Старик начинал свой обычный отчет, по которому Данила со всей точностью мог судить о положении дел: Воробей не забывал ничего, что могло быть интересно Белову, строго выполняя наказы хозяина. Устраивались они где-нибудь в сторонке, дабы не мешать Николаю работать. Не вмешивался в дела отца и младший Белов.
Шатунами Данила называл браконьеров, которые стали досаждать все чаще и чаще. Въезжали на танкетке откуда-нибудь со стороны и не столько охотились, сколько просто безобразничали: где прокатятся по сплошному жимолостнику, где разворотят гусеницами брусничник, где порушат солонцы, где проедутся по молоди сосны, лиственницы, кедра. Самое же главное было в том, что наезжали в такое время, когда хозяин участка Данила Афанасьевич Белов находился в райцентре.
С этим надо было что-то делать. Наконец, после очередного учиненного на базе разбоя Данила сговорил со стариком о том, как заставить шатунов отказаться от своих наездов, тем более что маршрут браконьеров был известен до мелочей. Примерно знали и о том, когда ждать гостей.
Их план был прост: сжечь танкетку. Сжечь так, чтобы выглядело, как случайность.
Сговорились — принялись за дело.
Данила вернулся в райцентр, но «жигуленка» не стал загонять в гараж, а на целый день поставил около ворот — это и должно было, по его мнению, послужить сигналом для «шатунов» — можно ехать, хозяин, дескать, в райцентре.
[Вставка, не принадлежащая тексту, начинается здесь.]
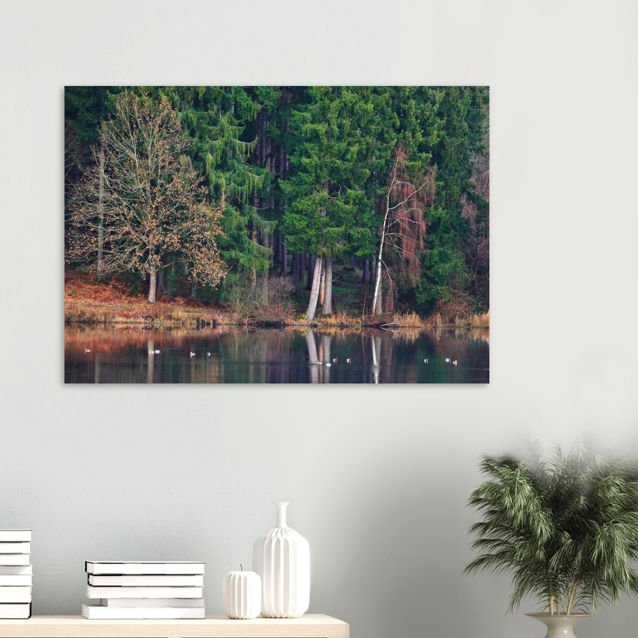 Ce tableau aluminium autour d’un lac auvergnat et de sa forêt s’adresse à ceux qui souhaitent créer une décoration murale haut de gamme, à la fois minimaliste et chaleureuse. Le thème de l’eau immobile et du reflet de la nature évoque le silence, le temps suspendu, la contemplation. Cela en fait un choix idéal pour un coin lecture, un salon épuré, une chambre d’hôtel ou un cabinet de consultation recherchant une ambiance rassurante et douce.

На предполагаемом маршруте браконьеров поджидал Евсеевич. И точно: к вечеру, что называется, нарисовались. Ехали шумно, с песнями, криками, смехом. Добрались до зимовья базы, где и расположились, как душа того пожелала: жарили шашлыки, пили, жгли костер. К ночи угомонились. Тут-то Евсеевич, убедившись, что никого нет в танкетке, облил ее со всех сторон бензином и подпалил, отойдя на такое расстояние, чтобы видеть происходящее на базе.
Как бы не был пьян народ, трезвел быстро. Вот выскочил из зимовья один, вот другой — бегали в бестолковости, пытались на горящую машину лить воду — все напрасно. К утру, собравшись вокруг костерка, пеняли друг дружке на неосмотрительность, похмелялись, решали, что делать.
В сторону райцентра отправились пешим ходом тем же путем, что и заехали.
С полкилометра шел за ними Евсеевич, потом вернулся к зимовью: охал и ахал, обходя постройки базы, благо больше ничего не сгорело.
А еще через день на выселках появился Данила. С ним они сходили на базу, решали, что делать со сгоревшей танкеткой. В конце концов Белов нанял в поселке трактор, чтобы вытянуть почерневшую от дыма и копоти машину куда подальше.
К вечеру того же дня, вернувшись в райцентр, пришел к дому хозяина танкетки, которого искать не надо было, так как такая техника была только у всем известного браконьера Васьки Кривого. Вызвав на улицу, угрюмо и тяжело глянул прямо в глаза мужику, спросил:
— Ну че, поганцы, доигрались? Спалили мне базу?
— Данила Афанасьич, Данила Афанасьич, — залепетал тот. — База осталась нетронутой, тока танкетка сгорела…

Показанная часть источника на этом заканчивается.